This patch implements new DDB allocation algorithm as per HW team
recommendation. This algo takecare of scenario where we allocate less DDB
for the planes with lower relative pixel rate, but they require more DDB
to work.
It also takes care of enabling same watermark level for each
plane, for efficient power saving.

Changes since v1:
 - Rebase on top of Paulo's patch series

Changes since v2:
 - Fix the for loop condition to enable WM

Changes since v3:
 - Fix crash in cursor i-g-t reported by Maarten
 - Rebase after addressing Paulo's comments
 - Few other ULT fixes
Changes since v4:
 - Rebase on drm-tip
 - Added separate function to enable WM levels

Signed-off-by: Mahesh Kumar <mahesh1.kumar@intel.com>
---
 drivers/gpu/drm/i915/intel_pm.c | 251 ++++++++++++++++++++++++----------------
 1 file changed, 150 insertions(+), 101 deletions(-)
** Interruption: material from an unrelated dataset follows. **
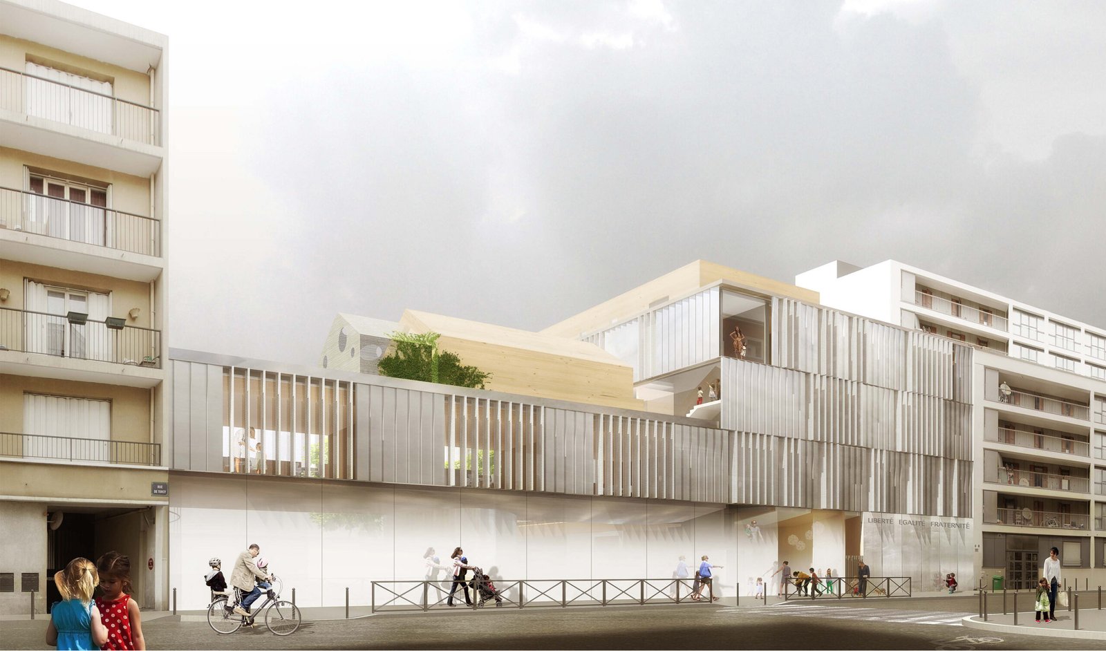 Depuis la rue, l’école se soulève pour accueillir le hall.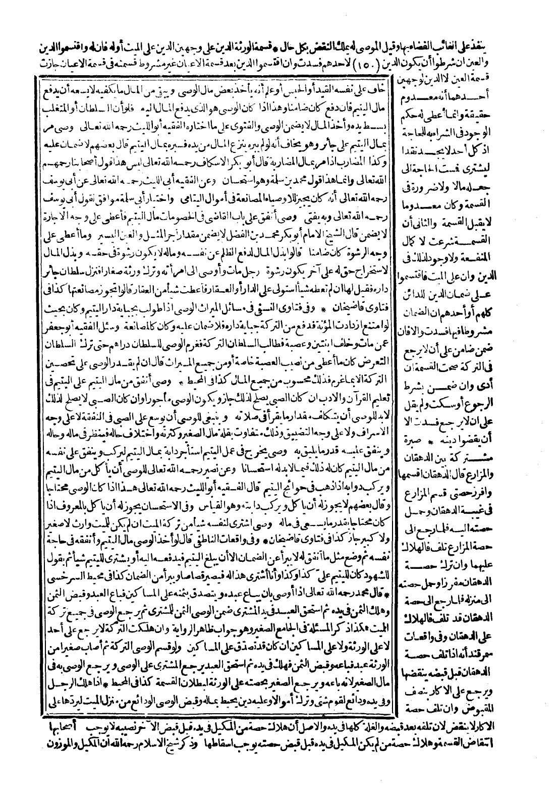 سُئِلَ الْفَقِيهُ أَبُو جَعْفَرٍ عَمَّنْ مَاتَ وَخَلَّفَ ابْنَتَيْنِ وَعُصْبَةً فَطَالَبَ السُّلْطَانُ التَّرِكَةَ فَغَرِمَ الْوَصِيُّ لِلسُّلْطَانِ دَرَاهِمَ حَتَّى تَرَكَ السُّلْطَانُ التَّعَرُّضَ كَانَ مَا أَعْطَى مِنْ نَصِيبَ الْعُصْبَةِ خَاصَّةً أَوْ مِنْ جَمِيعِ الْمِيرَاثِ، قَالَ: إنْ لَمْ يَقْدِرْ الْوَصِيُّ عَلَى تَحْصِينِ التَّرِكَةِ إلَّا بِمَا غَرِمَ فَذَلِكَ مَحْسُوبٌ مِنْ جَمِيعِ الْمَالِ فِي الْمُحِيطِ.

diff --git a/drivers/gpu/drm/i915/intel_pm.c b/drivers/gpu/drm/i915/intel_pm.c
index 51a483c68521..84979b0af684 100644
--- a/drivers/gpu/drm/i915/intel_pm.c
+++ b/drivers/gpu/drm/i915/intel_pm.c
@@ -3362,13 +3362,41 @@ skl_ddb_calc_min(const struct intel_crtc_state *cstate, int num_active,
 	minimum[PLANE_CURSOR] = skl_cursor_allocation(num_active);
 }
 
+static void
+skl_enable_plane_wm_levels(const struct drm_i915_private *dev_priv,
+			   uint16_t plane_ddb,
+			   uint16_t max_level,
+			   struct skl_plane_wm *wm)
+{
+	int level;
+	/*
+	 * Now enable all levels in WM structure which can be enabled
+	 * using current DDB allocation
+	 */
+	for (level = ilk_wm_max_level(dev_priv); level >= 0; level--) {
+		struct skl_wm_level *level_wm = &wm->wm[level];
+
+		if (level > max_level || level_wm->plane_res_b == 0
+				      || level_wm->plane_res_l >= 31
+				      || level_wm->plane_res_b >= plane_ddb) {
+			level_wm->plane_en = false;
+			level_wm->plane_res_b = 0;
+			level_wm->plane_res_l = 0;
+		} else {
+			level_wm->plane_en = true;
+		}
+	}
+}
+
 static int
 skl_allocate_pipe_ddb(struct intel_crtc_state *cstate,
-		      struct skl_ddb_allocation *ddb /* out */)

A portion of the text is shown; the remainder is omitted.